Given information.
◇ ◇ ◇ ◇ ◇

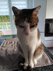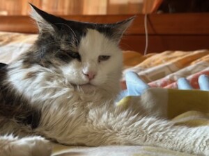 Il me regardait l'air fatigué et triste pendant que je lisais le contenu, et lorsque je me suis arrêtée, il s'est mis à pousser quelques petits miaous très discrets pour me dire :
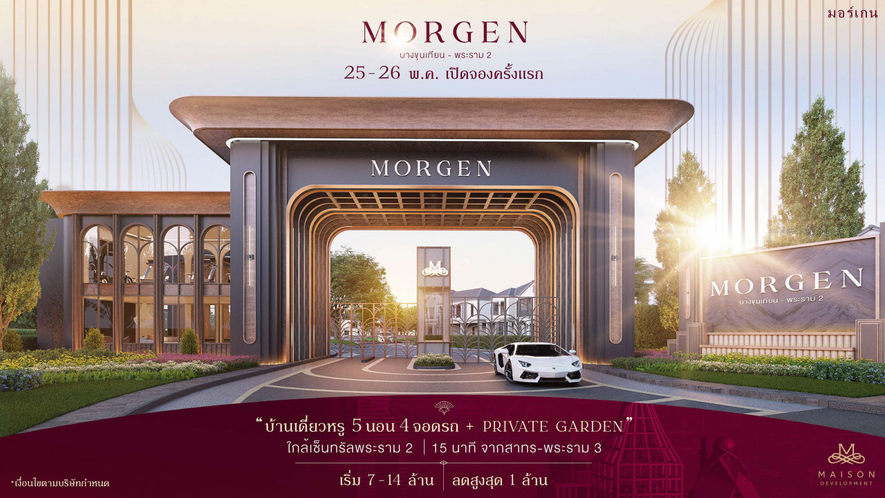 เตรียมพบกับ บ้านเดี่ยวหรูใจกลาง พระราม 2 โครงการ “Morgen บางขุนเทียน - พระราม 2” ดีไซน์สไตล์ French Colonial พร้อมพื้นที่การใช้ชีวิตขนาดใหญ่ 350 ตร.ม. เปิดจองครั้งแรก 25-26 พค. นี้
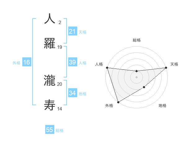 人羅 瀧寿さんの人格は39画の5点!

◇ ◇ ◇ ◇ ◇

What is being asked. Type out the data above again exactly as written, minus the images.

Task answer.
 Il me regardait l'air fatigué et triste pendant que je lisais le contenu, et lorsque je me suis arrêtée, il s'est mis à pousser quelques petits miaous très discrets pour me dire :
 เตรียมพบกับ บ้านเดี่ยวหรูใจกลาง พระราม 2 โครงการ “Morgen บางขุนเทียน - พระราม 2” ดีไซน์สไตล์ French Colonial พร้อมพื้นที่การใช้ชีวิตขนาดใหญ่ 350 ตร.ม. เปิดจองครั้งแรก 25-26 พค. นี้
 人羅 瀧寿さんの人格は39画の5点!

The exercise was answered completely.